Years ago I facilitated a support group for familial caregivers (mostly parents) of people with terminal illnesses. One evening, during a discussion of anticipatory grief, a member mentioned that she found consolation in her grandchildren. Then she turned to another member, whose only child was dying without issue. She said, "I'm sorry — I can only imagine how you must feel."
The second woman responded, "I believe we are all the children of Adam and Eve — so every child is my grandchild."
I have been thinking about this woman as I read the news stories about the influx of Central American children and the many Americans who want us to send them back.
We can debate whether the US is truly responsible for the drug wars that have devastated these children's homes and made it unsafe to stay. We can debate about where the money to shelter and feed them ought to come from. These are important topics. But while we are debating, children are suffering and, if they are sent back, many will almost certainly die.
In a previous incarnation, I was the chief development writer for the campaign to restore the Statue of Liberty and Ellis Island. It was the easiest fundraising job I have ever held. The checks poured in, along with heartfelt, deeply moving letters expressing gratitude for the chances the writers, or their parents or grandparents, had been given to start a new and better life here.
Some of my own ancestors fought in the American Revolution. Others fled starvation and virtual slavery in Ireland. As far as. I know, I have no Native American blood, so I have less right to be here than any of these children.
I have never understood the claim, "Proud to be American." What is there in an accident of birth to take pride in? But I am grateful that this country allowed my forebears to make their way here, so that I have never starved, experienced homelessness, or been forced into slavery. What right do I have to declare that now that I have mine, we need to lock the door against everybody else?

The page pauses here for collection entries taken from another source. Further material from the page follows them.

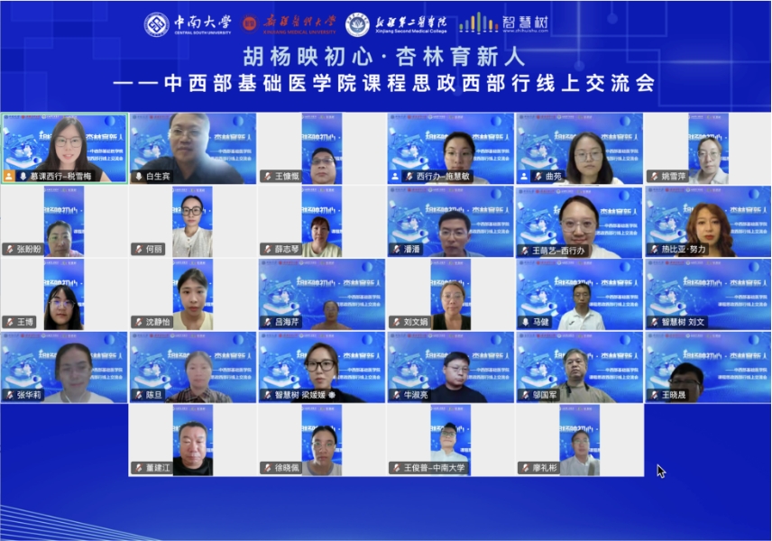 2025年8月20日下午,“胡楊映初心·杏林育新人——中西部基礎(chǔ)醫(yī)學(xué)院課程思政西部行交流會”通過線上平臺順利舉行。本次會議由中南大學(xué)湘雅基礎(chǔ)醫(yī)學(xué)院主辦,新疆醫(yī)科大學(xué)、新疆第二醫(yī)學(xué)院、智慧樹網(wǎng)協(xié)辦,旨在深入探討基礎(chǔ)醫(yī)學(xué)課程思政建設(shè)的路徑與方法,推動中西部醫(yī)學(xué)院校思政育人資源共享與協(xié)同發(fā)展。來自中南大學(xué)、新疆醫(yī)科大學(xué)、新疆第二醫(yī)學(xué)院、海南醫(yī)科大學(xué)、錦州醫(yī)科大學(xué)、湘南學(xué)院等高校共300余名教師參會。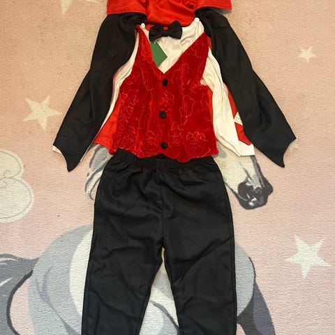 Udklædning til halloween. Nemt at tage på uden på en jakke, når man skal ud og trick or treat. Inderdelen knappes fast på kappen.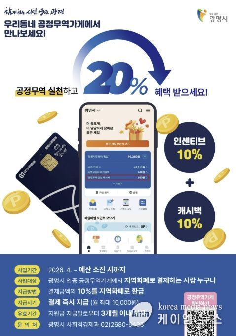 광명사랑화폐 충전 시 제공하는 10% 인센티브까지 더하면 시민이 실제로 누리는 혜택은 최대 20%에 달한다.

I initially hesitated to post this on a blog about balancing parenthood and academics. It seemed like it might not be relevant. But it is relevant. Whether we believe that we are all the children of Adam and Eve or that we descended from LUCA, we share our humanity with every person on the planet, and so these children are members of our family. And if we don't use all of our education to help push the light against the darkness, then what, exactly, is it for?